◆ Aim of the task ◆
Print the data exactly as written, but leave out each picture.

──────── Material provided

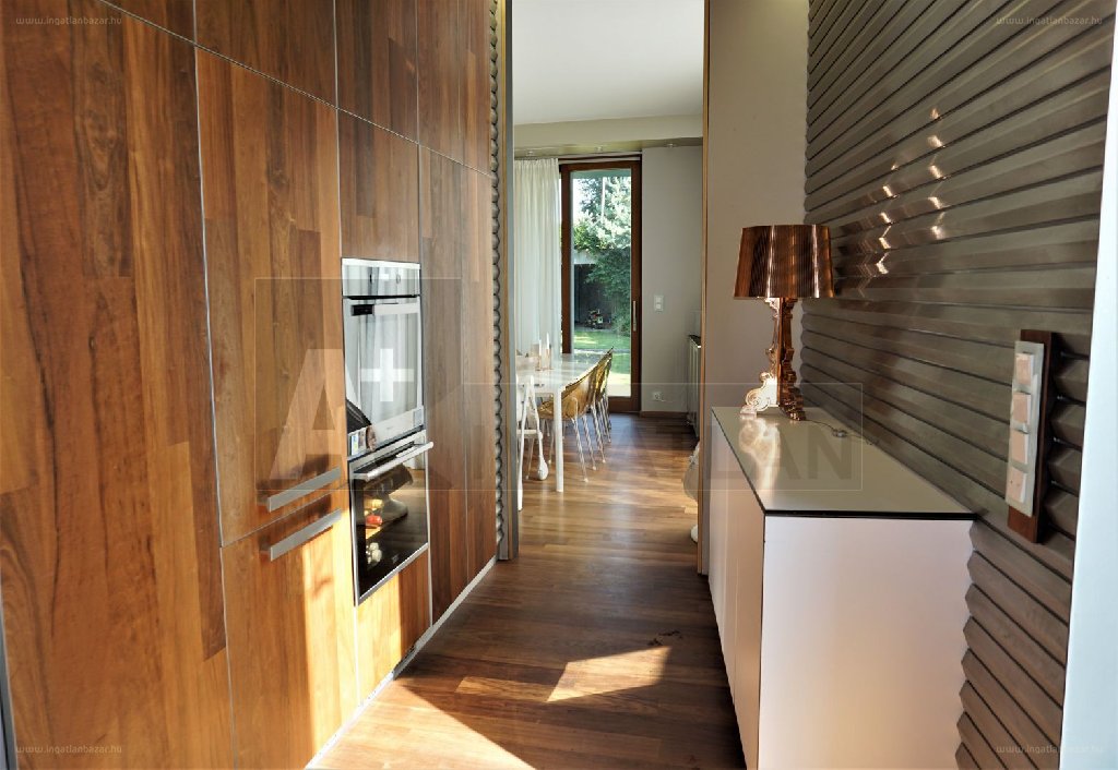 “Minden szoba igazi fapadlóburkolattal ellátott. Az otthon egyik különlegessége a földszinten található folyosó végén lévő nyíló felület burkolata,mely egy élő zuzmópanel ami nem igényel gondozást a lakás megfelelő páratartalma miatt. A konyha minimalista stílusú de maximális térkihasználású. A konyhai munkafolyamatok optimalizálása miatt a neves Bulthaup konyhák mintájára készült.
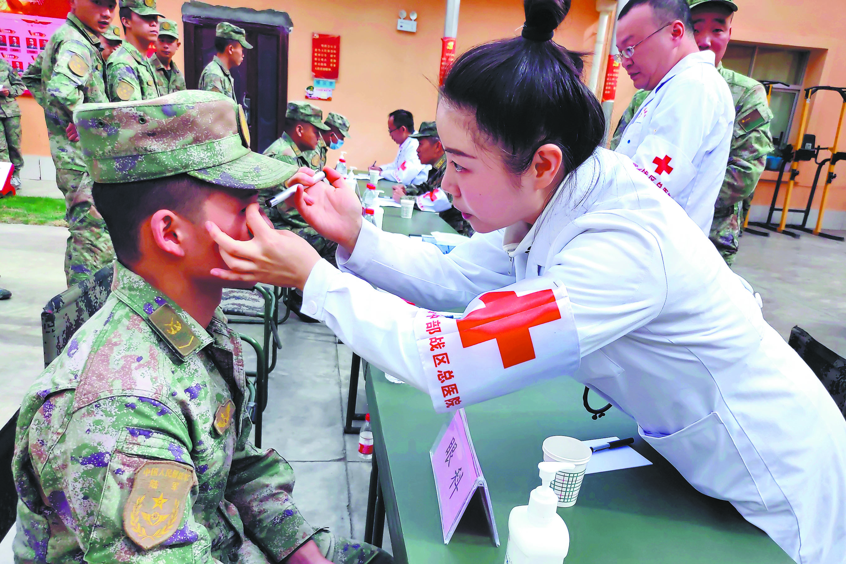 中部战区总医院专家医疗队到基层巡诊,一位军医为战士诊疗。谭志正、苗长昊摄
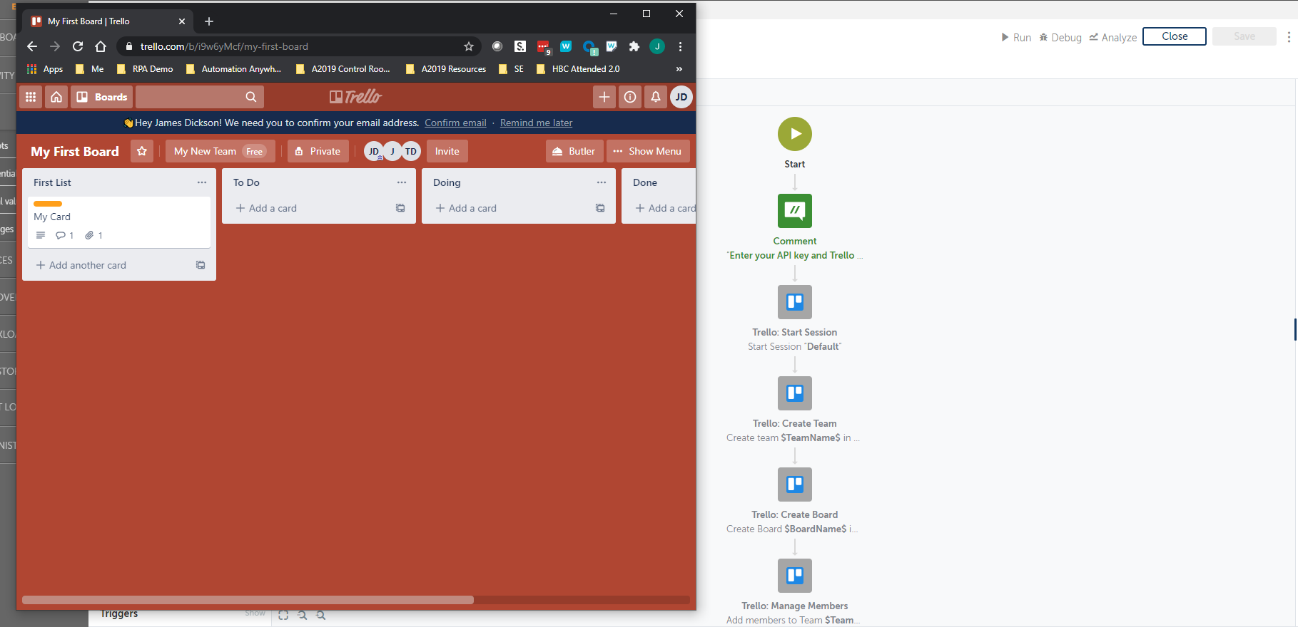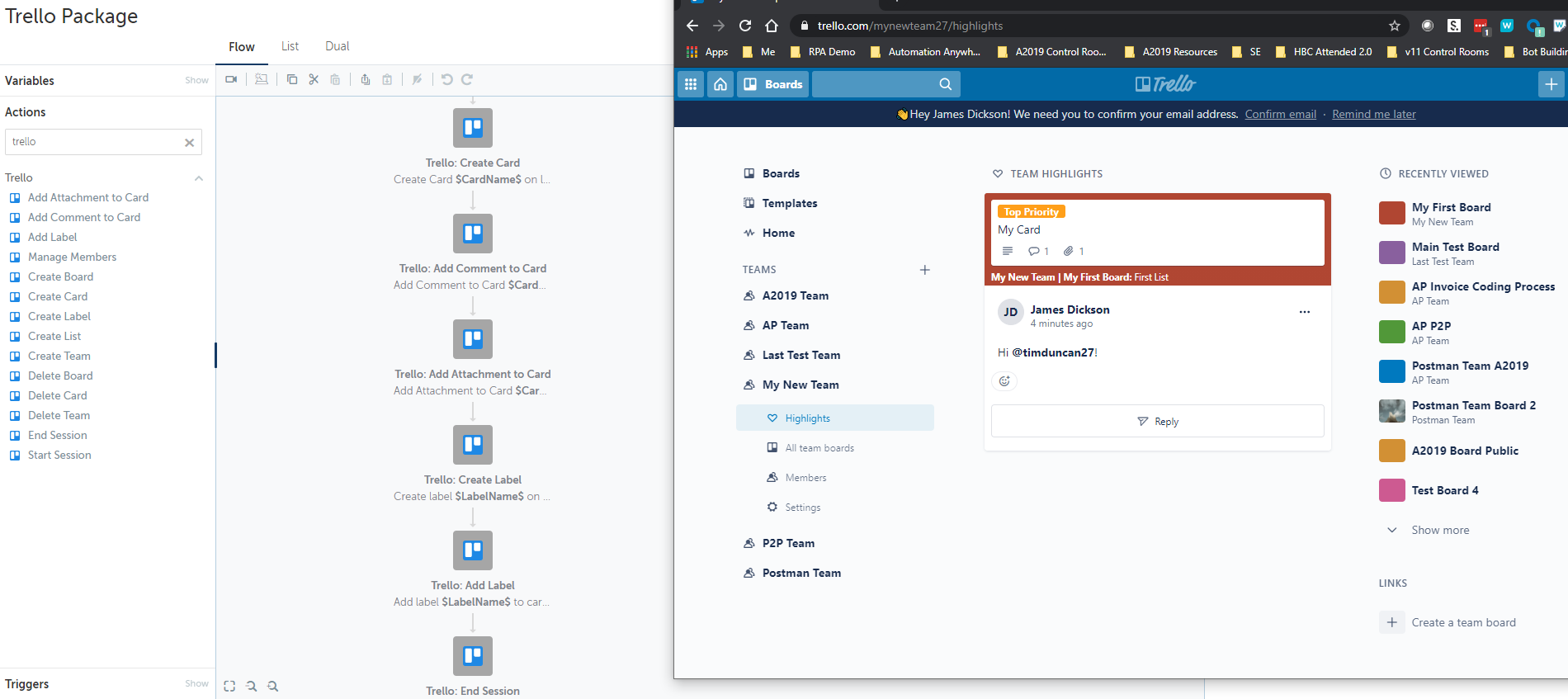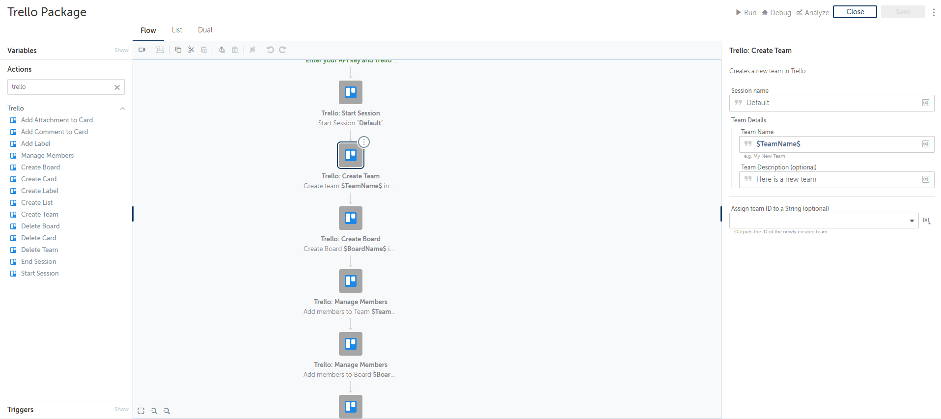 Trello is a productivity and collaboration tool that empowers teams to track activity, manage projects, and ensure accountability. The Trello package enables you to create a bot in minutes to automate the creation of your new team, add a board to that team, and completely define the project milestones along with inviting members to participate. Alternatively, with a single action, your triggered bot can provide real-time card creation, or comments/updates to existing boards to notify team members of new activity.

────────────────

◆ Exercise output ◆
 “Minden szoba igazi fapadlóburkolattal ellátott. Az otthon egyik különlegessége a földszinten található folyosó végén lévő nyíló felület burkolata,mely egy élő zuzmópanel ami nem igényel gondozást a lakás megfelelő páratartalma miatt. A konyha minimalista stílusú de maximális térkihasználású. A konyhai munkafolyamatok optimalizálása miatt a neves Bulthaup konyhák mintájára készült.
 中部战区总医院专家医疗队到基层巡诊,一位军医为战士诊疗。谭志正、苗长昊摄
 Trello is a productivity and collaboration tool that empowers teams to track activity, manage projects, and ensure accountability. The Trello package enables you to create a bot in minutes to automate the creation of your new team, add a board to that team, and completely define the project milestones along with inviting members to participate. Alternatively, with a single action, your triggered bot can provide real-time card creation, or comments/updates to existing boards to notify team members of new activity.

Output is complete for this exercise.